Anyway - i live in gloucestershire if anyone is interested in making me an offer.

No lifetime sub i'm affraid but will be happy to turn it on and take a pic of the status page.

Cheers

M - BTW i will be away until Thursday - also i see on my sig it is 120Gb


----------



## cwaring (Feb 12, 2002)

M0nk3y said:


> No lifetime sub i'm affraid but will be happy to turn it on and take a pic of the status page.
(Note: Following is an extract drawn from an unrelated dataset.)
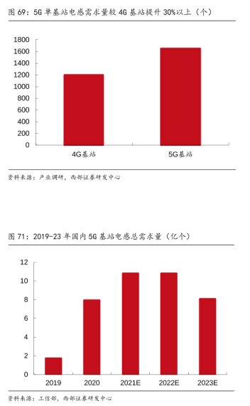 對于磁性元器件行業來說,5G基站和智慧燈桿的大力推廣與發展帶來了很大的市場發展空間,如:射頻電感、功率電感等。根據產業調研、西部證券研發中心的數據顯示,5G基站的電感需求用量將會提升30%以上,電感用量從原來4G基站的1100-1300顆,到如今5G基站的1600-1700顆。而且總需求量也在不斷上升。

If/When you do, remember to blur-out or remove the Tivo Service Number for safety/security reasons.


----------



## JonMace (Mar 2, 2002)

Similar question, orgional unit with life time sub, can someone let me know the value?


----------



## Pugwash (May 23, 2003)

Your best bet is to search completed listings on ebay - it's only worth what people are willing to pay after all.


----------



## alek (May 22, 2008)

I recently bought one with lifetime sub for £85

If that helps.


alex


----------



## M0nk3y (Jan 10, 2003)

Cheers all, i'll pop it on ebay after Christmas then - 

Hope you all have a good one.

M


----------



## M0nk3y (Jan 10, 2003)

I never did get rid so free to collector inc original box - just PM me


----------



## pauljs (Feb 11, 2001)

Mine sold on Ebay for £150, lifetime sub, 500 GB HDD,Turbonet complete and fully working


----------



## royfox (Apr 5, 2004)

M0nk3y said:


> I never did get rid so free to collector inc original box - just PM me


Hi just pm'd you. 
I pas Gloustershire a lot. In fact in Worcester Monday / Tuesday

Roy


----------



## bigwold (Jun 4, 2003)

There's one for sale on ebay finishing in 5 hours, lifetime, 180GB, tivonet[sic], collection only from Epsom, £20 start and no bids. Nothing to do with me by the way.


----------



## tenwiseman (Dec 3, 2006)

bigwold said:


> There's one for sale on ebay finishing in 5 hours, lifetime, 180GB, tivonet[sic], collection only from Epsom, £20 start and no bids. Nothing to do with me by the way.


It finished at £76 ...

Item number 140381282901


----------



## BlackPrince (May 16, 2009)

I did well with mine, then. I upgraded it to 500GB then swapped it for dibs on a Mercedes SLK.


----------